I’ve spent most of my life chasing numbers. In the pool, the sharp scent of chlorine hits me before I even see the lanes. My goggles fog up as the rest winds down, and every lap is timed, every stroke counted. In the pool, every practice, every lap, every stroke is measured. The clock ticks down, and my body responds…or fails to. In school, it’s the same story: grades, GPA, exam scores. Even in nursing, my world is punctuated by vitals, lab values, and patient stats. For as long as I can remember, I’ve been tied to a number.
Swimming in college taught me discipline, endurance and precision, but it also taught me fear. Fear of not being fast enough. Fear of letting a number define my worth. I learned to chase improvement in split seconds, each race a reminder that my effort was only meaningful if it showed up on a scoreboard. The pool is merciless: a tenth of a second too slow, and your performance is judged. But it also taught me resilience, the ability to get back on the blocks after a poor race, to push through soreness and fatigue, to trust that effort matters even when it isn’t immediately reflected in a time.
Then I started nursing school. Suddenly, numbers followed me everywhere in a different way. I go from patient to patient, glancing at vitals, lab values, and medication doses. The hospital has its own kind of scoreboard: charts and graphs, heart rates and blood pressures. Each patient is a set of numbers, and for a moment, it’s easy to forget the person behind them. My brain races, calculating, remembering, prioritizing, but the human behind the data can slip past in the shuffle.

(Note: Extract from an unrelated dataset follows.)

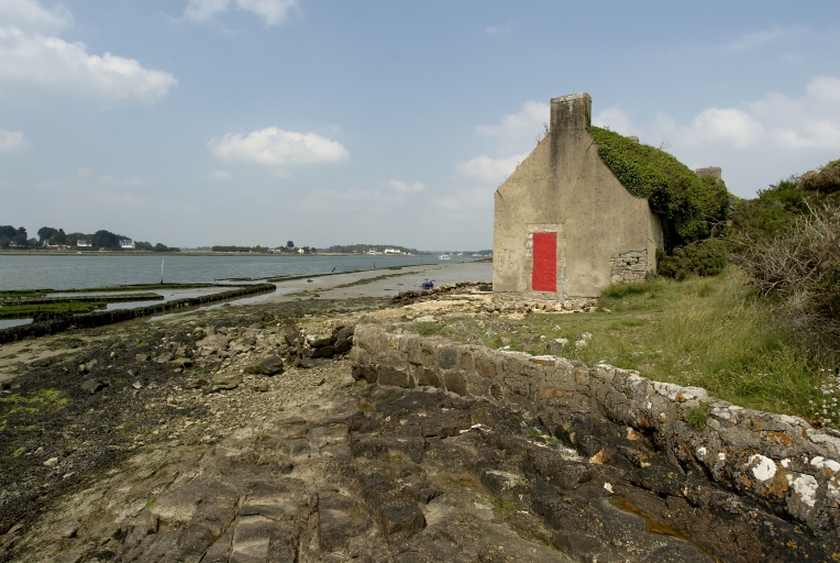 Beg Lannec, ancienne maison de gardien et bâtiment d'exploitation associés (?), terre-plein, fin 19e siècle, parcs à huîtres, vue générale nord-estImmatriculation

I catch myself doing it sometimes: seeing a blood pressure of 92/58, a glucose of 110, a respiratory rate of 24, and thinking of the numbers before the person. But then I look closer. I see the trembling hands, the quiet worry, the gratitude in their eyes when someone listens. I notice the subtle signs of fear, relief, or fatigue, things a chart can’t capture. These are the moments that can’t be measured, moments of patience, empathy and connection that define nursing more than any lab value ever could.
Numbers motivate me, they push me to improve, to strive, to compete. But I’ve learned they can’t tell the full story. To this day, deep in my mind, numbers are what determine success to me. In swimming, they tracked progress; in nursing, they guide care. But neither captures the effort, the resilience, the small victories that define a day. Sometimes, the best victories aren’t the ones on a clock or a chart, but the quiet feeling of making a difference, even if it’s just for one patient at a time.
I’ve started noticing the parallels more clearly, the discipline from early morning practices carries over into long nights in the hospital; the patience learned while perfecting a stroke translates to patience with a confused or frightened patient. Both demand focus, effort and heart, but only one keeps score publicly. The other is invisible, measured only by the comfort or relief it brings.
I’ve realized that some victories are more meaningful when they can’t be measured at all. The scent of chlorine fades when I leave the pool, replaced by antiseptic and hand sanitizer. The rhythm of laps is replaced by the rhythm of rounds. Somewhere in between, I’ve learned to balance both: to respect the numbers, but never let them define me.